The back corner of South Hall of the Las Vegas Convention Center at CES is basically a home for patent and trademark infringement, a dark corner full of potential lawsuits. Fakes and nearly identical products (many from Chinese manufacturer Shenzhen, surprise) fill booths everywhere. Your neck gets sore from so many double-takes as you whip around to see a fake Oculus Rift or supposed iPhone Whatever. As one passerby remarked, “this is like walking through an electronic flea market.”
It’s the physical manifestation of the digital black market, and this year’s hottest knock-off was the Apple Watch.
While there was one unit that seemed to unilaterally grab the press’s attention, there are actually quite a few out there. The units from HiFit were notably similar-looking.
Not only were the various fakes physically like the upcoming Apple Watch, they ran operating systems clearly trying to mimic iOS (though on seriously worse displays). Another impersonator called Cheng Fong has shown up at CES before, though with notably more original products.

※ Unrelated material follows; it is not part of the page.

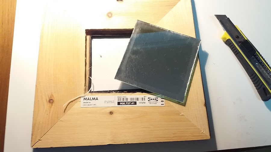 Una vez terminado volvemos a colocar el espejo, aplicamos silicona caliente, presionamos, y una vez se haya secado volvemos a poner ya por fuera otra vez silicona caliente.
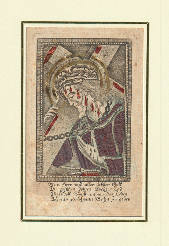 2728-21 KREUZTRAGUNG - Mein Herr und aller liebster Gott, Du gehst in deinen Creuzes Tod, Du leidest Stirbst um mir das Leben, Ach mir verlohrenen Sohn zu geben. Dargestellt ist die Kreuztragung, das Gewand Christi ist mit Stoff hinterlegt, einige Blutstropfen, der Heiligenschein und Teile des Kreuzes mit Metallfolie. | ||

These companies’ intentions seem obvious, but when asked about buying one of the units, though, the conversation is confusing.
“When are these on sale?”
“Oh… no.” Booth representative shakes her head, and is notably suspicious these inquiries. None of them would offer buying information either (though apparently you can buy them). The denials and caginess could be chalked up to language barriers, or to… who even knows, really?
One criticism of CES is that it is utterly meaningless. Sure, the booths are basically massive art installations, and you get to handle technology you may never be able to afford. But the excess of the show is what makes it inaccessible. And while hardware is not dead (in fact, it feels like it’s experiencing a Renaissance), the fact that some big names in technology sit the conference out does not go unnoticed. Chief among those big names is Apple.
Apple has notoriously sat out CES, and many (many, many) observations have been made about how one of the most important companies in technology’s own event (WWDC) is comparable to a conference that highlights everyone else, at much higher cost and flash.
The Cupertino giant may not have shown up to the conference, but its foreign knock-offs did in droves.